Dinis, we learn, was never the same after being called up to fight in the Portuguese colonial war in Angola. He came back “very angry”, Dolores explains. His head was filled with images of the war and though she says he always cared for his children she also says she became “his victim”. Dinis drank himself into an early grave, dying in 2005 when Ronaldo was 19. “He was drunk nearly every day and when that happens it became hard to have a conversation,” his younger son recalls. “I didn’t get to know my father for real.”

As for Cristiano Jr, possibly the star of the film, Ronaldo explains that he always wanted “my successor” without going into any other details. His son is five, already doing sit-ups and still working on his pronunciation of “Lamborghini”, and Dolores takes care of him while Ronaldo is away. The mother? It’s anyone’s guess. “People speculate that it was with this girl or the other or a surrogate mother,” Ronaldo says. “I’ve never told anybody and I never will.” How a man in his position has managed to keep it secret is remarkable and, unorthodox as it might be, fair play to him.

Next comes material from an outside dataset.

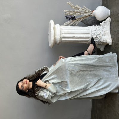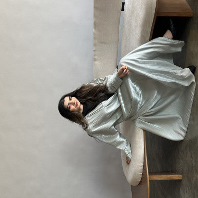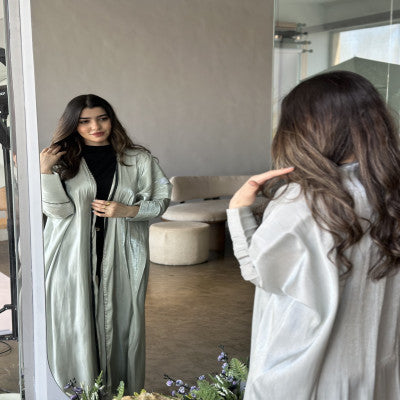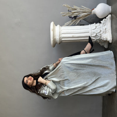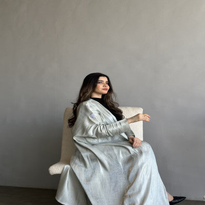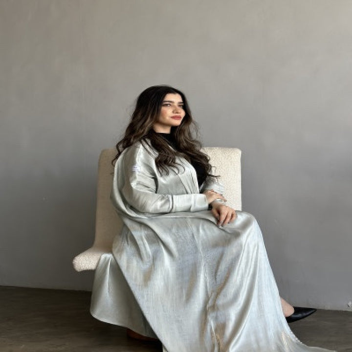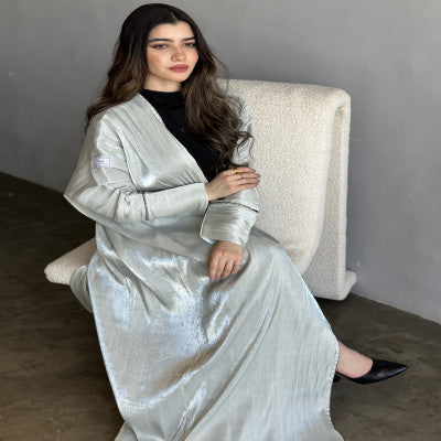 عباية لامعة بلون فضي مميز وملمس حريري ناعم تصميم انيق و مع لون رائع و شريط اسود لامع على الاكمام واطراف العباية تمنحك اطلالة فاخرة تليق بالمناسبات الخاصة .

Cristiano Ronaldo talks of his pain at seeing Lionel Messi win the Ballon d’Or four times in a row: ‘After he won the second and third I thought to myself: I’m not coming here again.’
Cristiano Ronaldo talks of his pain at seeing Lionel Messi win the Ballon d’Or four times in a row: ‘After he won the second and third I thought to myself: I’m not coming here again.’ Photograph: Action Press/Rex

These parts are fascinating and, at times, Ronaldo comes across as so lonely it is a good job he enjoys his own company so much. “In football I don’t have a lot of friends. People I really trust? Not many. Most of the time I’m alone. I consider myself an isolated person.” It pains him that his father is not around to see his success but Mendes, he says, is like a father and a brother rolled into one. In Guillem Balagué’s new book about Ronaldo he writes how, to feed the competitive beast, the player’s entourage quickly came to realise “they must keep criticism at a distance, or control it, create the narrative and keep him on his pedestal”. Mendes is always there to fluff that ego and tell him he is better than Messi, and everybody else. It is far more than just the usual player-agent relationship.

Here, too, is the revelation that there was very nearly no Cristiano Ronaldo either. “He was an unwanted child,” Dolores explains. She considered an abortion and, on a neighbour’s advice, drank boiled black beer before running until she was on the verge of fainting, hoping to force a miscarriage. It didn’t work – and she seems pretty happy about that.

Thirty years on, the film – released on Monday and put together by the people behind Senna – does at least help us understand Ronaldo some more and the incredible drive that is needed to reach the top of his profession. It is not Ronaldo’s talent that stands out the most. It is his competitive courage, his absolute refusal to believe anyone can possibly outdo him and a level of self-obsession that makes one wonder how he will cope now he is approaching the age – two years older than Messi – when the powers gradually start to decline.

In recent years, he says, he and Messi have started talking to one another in a way they never did previously, asking about each other’s families and other polite small-talk. “I’ve started seeing him as a person, not a rival,” he says. “But we are always busting our balls to see who is better.”